Em 2020, já como deputado estadual, Wesp apresentou um projeto de lei que determinava a "obrigatoriedade do ensino da norma culta" nas escolas estaduais. O parlamentar justificou que o uso da linguagem neutra "pretende apagar a distinção entre homem e mulher, que está na essência da constituição biológica e psíquica da pessoa". Já em 2021, apresentou um projeto semelhante ao que apresentara em Passo Fundo, banindo o uso da palavra "gênero", desta vez no Plano Estadual de Educação. Ambas não foram aprovadas.
A expressão "ideologia de gênero" não é reconhecida no mundo acadêmico e é usada por grupos conservadores, como as igrejas evangélicas, contrários aos estudos de gênero.
Antes, em 2019, durante a votação no Supremo Tribunal Federal que determinou a criminalização da homofobia e da transfobia, Wesp descreveu como "tirania pura" a decisão da corte. "Se o STF criminalizar opiniões contrárias ao ativismo LGBT (...), poderá fazer o mesmo com qualquer outra opinião", escreveu o então deputado estadual.
Publicação de Mateus Wesp durante o julgamento sobre criminalização da homofobia no STF — Foto: Reprodução/Redes sociais
Ao g1, o secretário diz que respeita a decisão do Supremo. "Como secretário, irei trabalhar por todos. E sempre pautado pela lei. Acompanho todas as decisões do Supremo Tribunal Federal (STF), inclusive a que decidiu que as práticas de homofobia e transfobia são enquadradas nas hipóteses de crime de preconceito. Tendo o entendimento do STF como norte, e pautados pela lei, vamos trabalhar políticas para todos os aspectos dos direitos humanos", respondeu.

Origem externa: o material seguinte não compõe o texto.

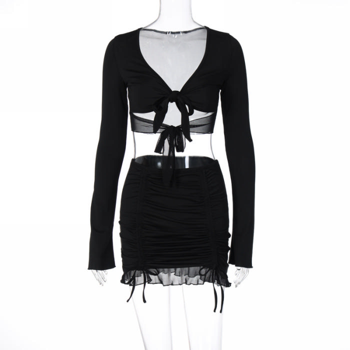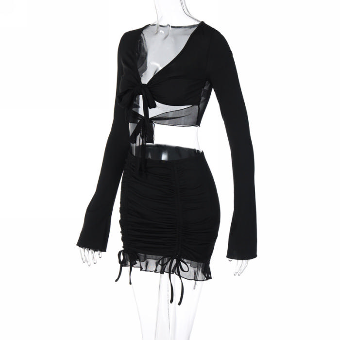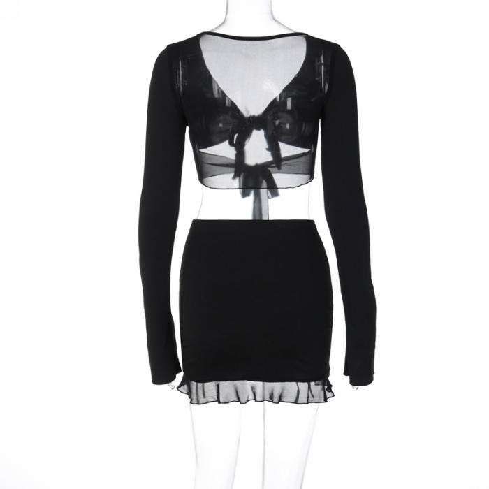 (Real Image)2023 Styles Women Sexy&Fashion Spring&Summer TikTok&Instagram Styles Black Mesh Long Sleeve Two Piece DressSKU: #CF38281-1
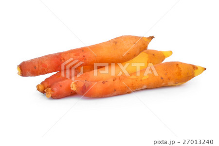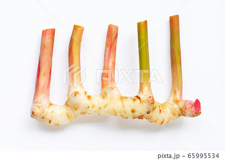Fresh galangal root isolated on white background with full depth of field. Top view. Flat lay
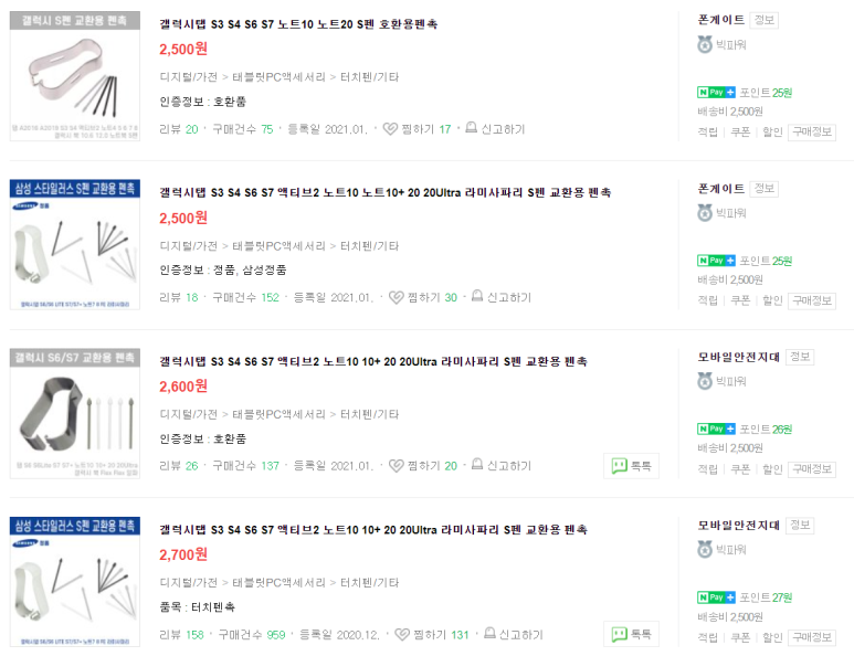 3. 온라인에서 저렴하게 S7, S7+ 정품 펜촉 구매하는 방법

Wesp diz também que pretende promover políticas públicas que combatam a LGBTQIA+fobia, em consonância com o que pensa o governador Eduardo Leite.
"Conheço a trajetória e o pensamento do governador sobre a temática e meu papel como secretário é ampliar as políticas públicas de apoio à diversidade e combate à intolerância, reforçando os nossos compromissos com a dignidade humana", diz Wesp.
Nota do Governo do RS
"O secretário Mateus Wesp é um democrata, com sólida formação jurídica e domínio dos compromissos institucionais dos cargos que ocupa. Agiu assim como parlamentar. Embora possa ter divergências em temas específicos, se mostra aberto ao diálogo e sempre agiu em respeito à dignidade humana. Estamos montando uma equipe diversa e plural na secretaria, garantindo a representatividade exigida pelas funções da pasta, preparando-a para implementar as nossas políticas para o setor."